In the next sections, we will mostly focus on competence as a capability to decide. However, it should be noted that the notion of decision cannot be totally separated of the notion of act. Indeed, deciding refers to an act (What will we do? How? When?) and acting requires a decision process (at least to control the act, e.g., when we move one of our arms, a feedback of the motion is sent to decision processing centres to control it).

Now that the basic terms we will use are defined, we can try to understand what knowledge or meta-knowledge is required for achieving a competent behaviour.

3. COMPETENCE AND HUMAN BEINGS

In this section, we will defend the hypothesis that competence is a kind of meta-knowledge enabling individuals to learn new knowledge and to compile it (Sect. 3.1). We will then study how several experts can co-operate to achieve tasks they could not perform alone (Sect. 3.2). In both sub-sections, we will stress the importance of communication, either to assess competence or to develop it. To clarify our presentation we will give examples coming from several domains, notably computer science and sociology.

3.1. Individual Competence As Meta-Knowledge

By studying how human beings solve problems, we will point out that competence is due to meta-knowledge (Sect. 3.1.1). Indeed, meta-knowledge enables individuals to structure their solving processes (meta-experts) and then to compile them (domain experts). We will then try to understand how meta-knowledge is acquired and how it is used to compile knowledge. We will also stress the fact that competence is a relative notion depending on external judgements and communication (Sect. 3.1.2). This will lead us to revise our definition of competence.

3.1.1 Novices vs. Experts.

A. Schoenfeld (Schoenfeld, 1985) studied, in some individuals of various levels (from novices to experts), the importance of control in the resolution of mathematical problems. In one experiment, the individuals received the following problem:

Let T be a triangle of basis B. Show that it is always possible to construct, with a ruler and a compass, a line, parallel to B, which divides T in two parts of the same surface.

Three major types of behaviours appeared. They are described on Figure 2.
In the first type, the individuals lose their time in a wild-goose chase and promising directions are ignored. Hypotheses are accepted without discussion and after having lost time to make constructions, they are rejected as obviously false. These people do not arrive to the solution although they have all the necessary knowledge.
In the second category, individuals control their reasoning. They evaluate every new idea either to eliminate it, to put it on the side or to develop it according to their evaluation of the odds of success. They avoid the numerous opportunities of wild-goose chase and the control does not only serve to avoid mistakes: it also ensures a good utilisation of knowledge. The individuals of this category are not experts of the domain, but are meta-experts in control. (The term « meta-expert » stresses the fact that those individuals have a meta-knowledge expertise but no particular knowledge of the problem domain.)
The last category of individual is composed of experts of the domain. The meta-knowledge of control does not serve anymore: all the knowledge is compiled and the individuals go straight to the solution.

Figure 2
Figure 2: The three types of search: novices, meta-experts, experts.

From this example, we see that competence is mostly present in two forms:

Two important questions arise from this remark:
  1. Can we acquire control meta-knowledge?
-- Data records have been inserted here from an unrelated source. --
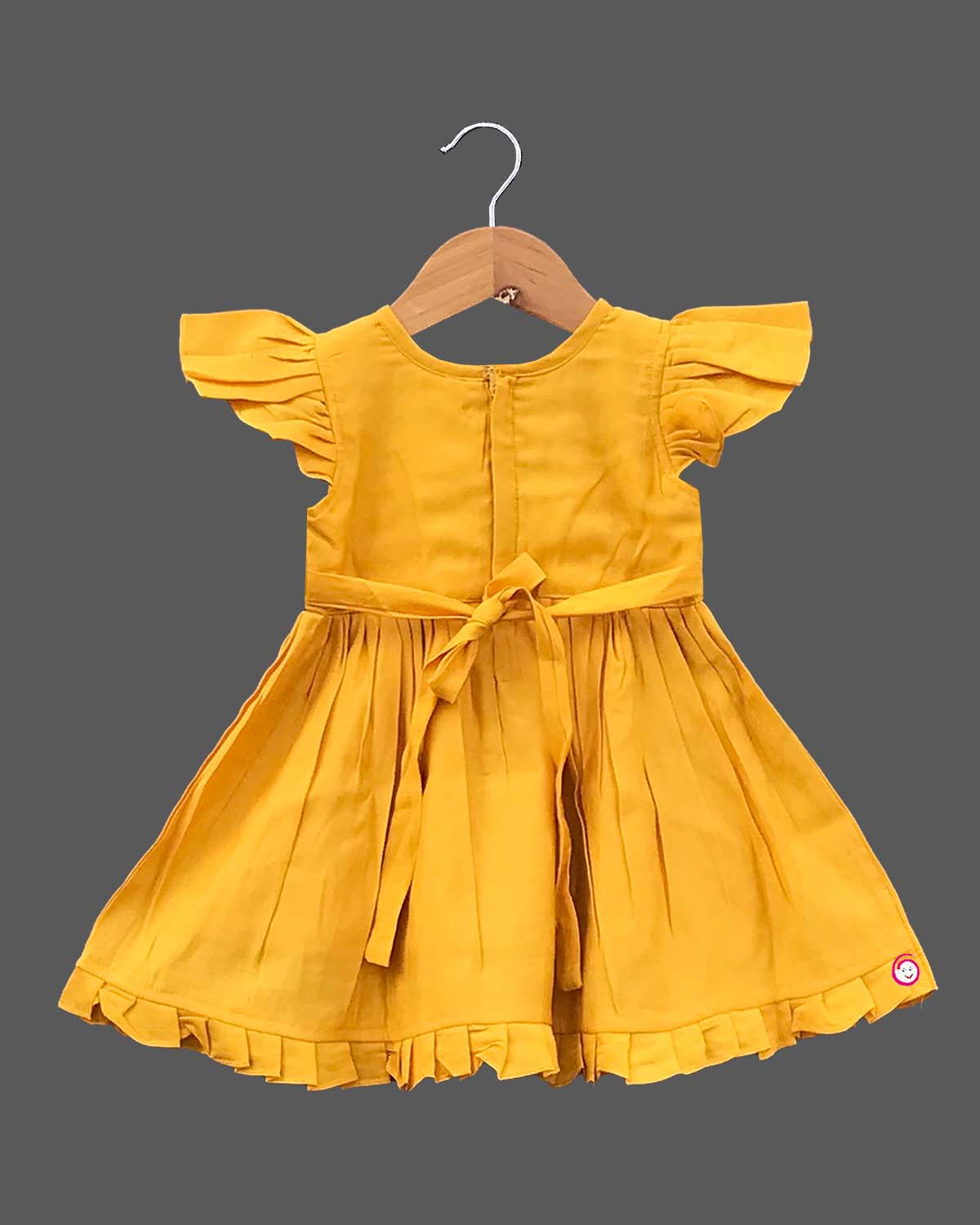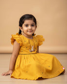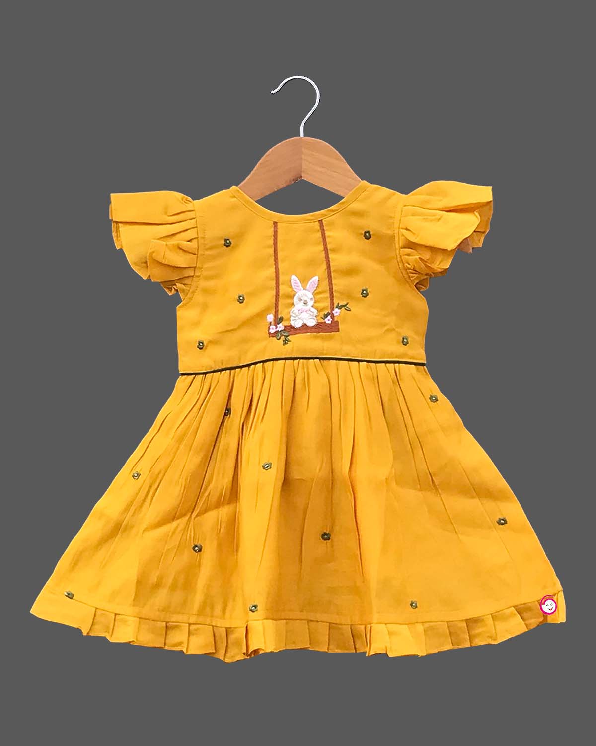 Girls bunny design embroidery chanderi frock - Mustard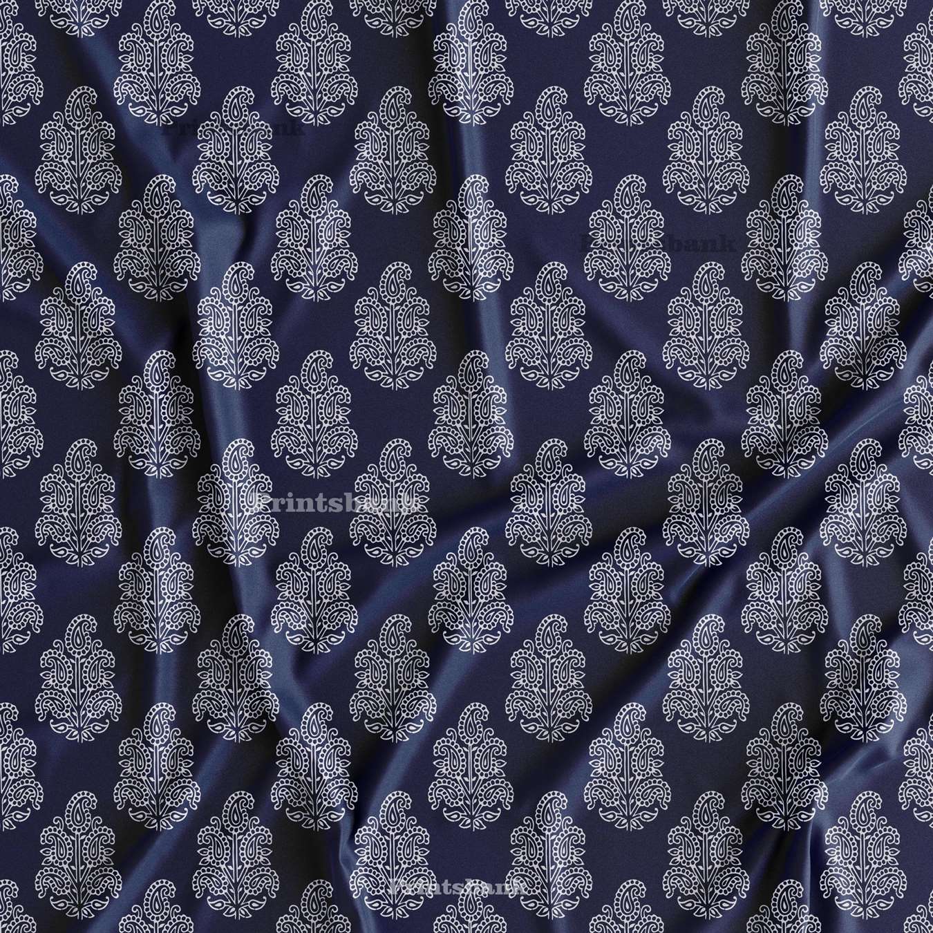 Dark Blue Floral Motif Printed Fabric For Kurti Wholesale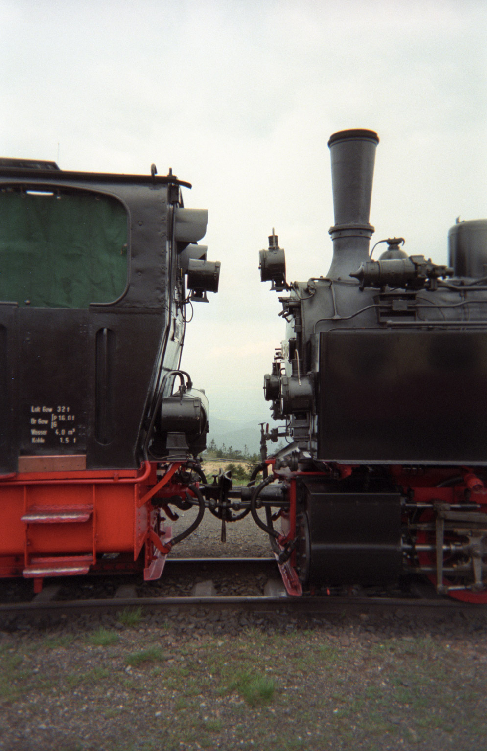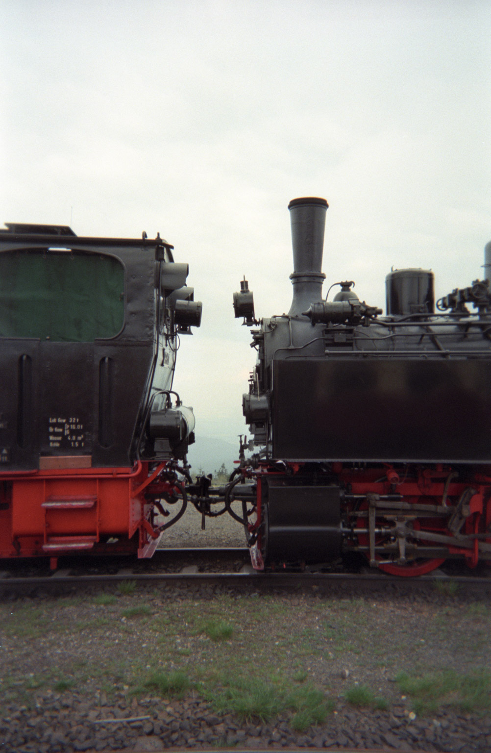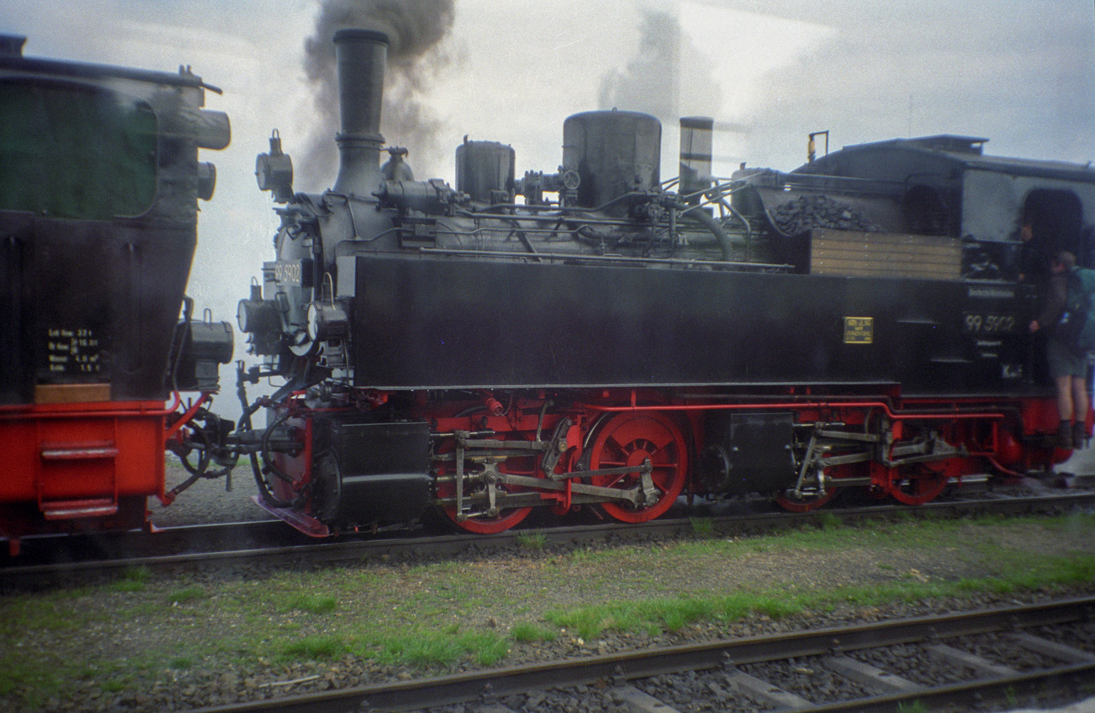 Oben auf dem Brocken ist es kalt und windig, es hat sich mittlerweile bezogen. Die Gaststätte ist voll, wir fahren nach einem Getränk draußen (!) mit der Brockenbahn herunter. Es liegt an Papa, ich mag ja solche Wirtschaften. Von Wernigerode geht es mit Regionalbahn zurück. Jemand kauft uns noch Fahrkarten damit wir den Zug nach Ilsenburg bekommen, erinnert sich Papa.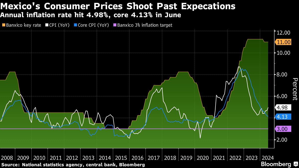 墨西哥的通货膨胀在六月份加速,超出预期,这使得央行努力降低接近创纪录水平的利率变得更加困难。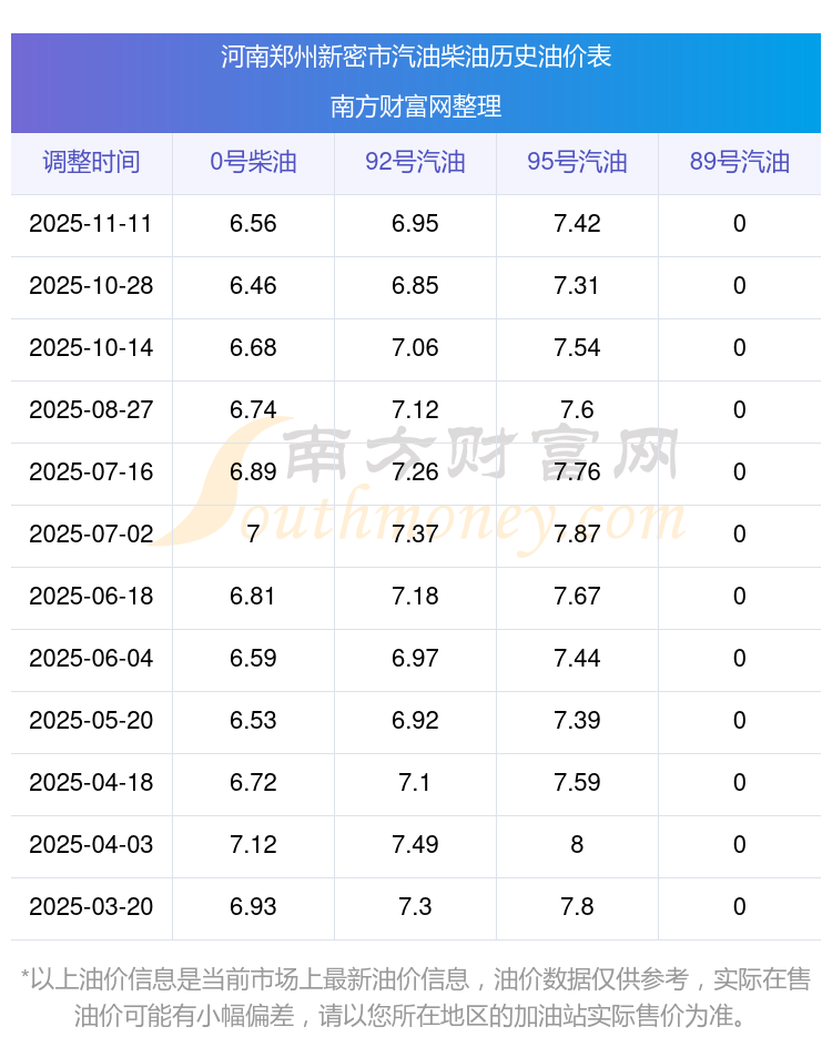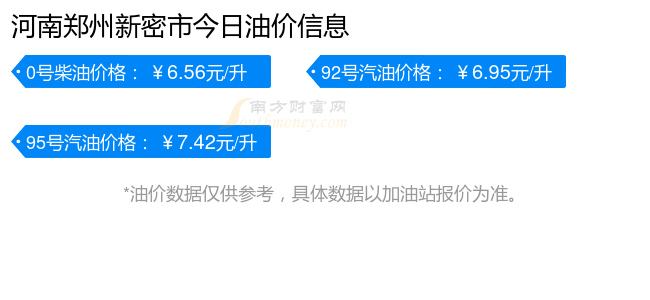 11月20日,河南郑州新密市汽油、柴油每升最新价格:本轮的油价调整时间是11月11日,92号汽油为6.95元,上升了0.1元,上升幅达1.46%;95号汽油为7.42元,上升了0.11元,上升幅达1.51%;0号柴油为6.56元,上升了0.1元,上升幅达1.55%。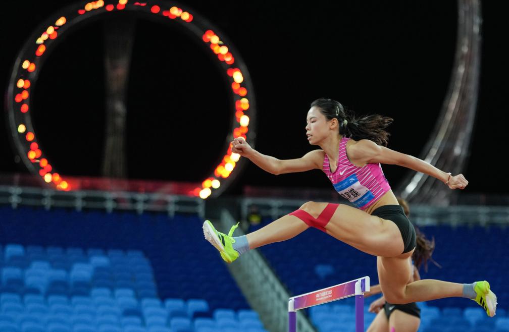 11月17日,广东队选手莫家蝶在田径女子400米栏决赛中。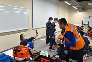 学生たちは、日本における処置対応の流れをエジプトの救急救命士らに説明。気管挿管においては経験豊富なエジプトの救急救命士の手技の素早さに、学生たちが驚く場面もありました。また、今回はインドネシアから研修に訪れている医師も参加していたことから、医師の目線からのアドバイスをもらうこともできました。エジプトの救急救命士にとっては日本の処置対応の流れを実践的に学ぶ機会となり、学生たちにとっては、経験豊富な救急救命士や医師から多くの学びが得られる時間となりました。

And, if we can, how?
  2. How is the knowledge compiled?
As far as we know, there are no definite answers to those two questions. Nevertheless, we can give some clues that are in part contradictory with one another.
Human beings seem to have much innate meta-knowledge. For example, babies are not able to speak but have the acquisition meta-knowledge required to learn languages. In fact, this meta-knowledge even enables us to learn several languages and, beyond languages, the whole culture in which we live. As stated by Ruffié ((Ruffié, 1972), p. 129(2)) : « From now on, every baby will benefit from the experience of the human beings that preceded him/her. This experience is not innate (it escapes almost all instincts) but acquired. It is the capability to acquire it that is innate ».
Right now, there does not seem to be any theory of learning that answers the question of acquisition convincingly. Some researchers think that learning results not only in acquiring knowledge but also in loosing capabilities, e.g., experts have usually enormous difficulties to learn knowledge in another domain (Mehler, 1972). Another approach is proposed in (Papert, 1971). In this paper, Papert defends the hypothesis that human beings increase their knowledge by creating ontologies to speak about their acts: « A fundamental problem for the theory of mathematical education is to identify and name the concepts needed to enable the beginner to discuss his mathematical thinking in a clear articulate way ». Deciding if a theory is correct or not is a difficult task, since several processes may act together.
The second question has been more extensively researched and some answers have been given. In some experiments on how people learn a programming language, researchers have demonstrated that giving examples enables students to learn more quickly. An hypothesis explaining this fact is that examples are compiled knowledge. Therefore, in receiving knowledge that is already compiled, students may have less work to produce to integrate it. Other experiments have also shown that experts tend to group a series of acts in a unique operation, in what is called « chunking ». This process, which has already been implemented in some computational architectures (e.g. SOAR (Laird, Newell and Rosenbloom, 1987), or (Tambe, Johnson, Jones, Koss, Laird, Rosenbloom and Schwamb, 1995)), plays certainly a major role in knowledge compiling. Chunking also enables experts to focus on significant aspects of the initial data by taking into account only the important aspects of the problems. Finally, it should be noted that introspection is certainly the most important and primordial aspect underlying the process of knowledge compilation. Unfortunately, human beings have a limited introspection capability (Morin, 1986). Computer programs are more prone to self-examination of both their knowledge and their program (that can be regarded as a special case of knowledge). Therefore, they should have less trouble examining and compiling their knowledge.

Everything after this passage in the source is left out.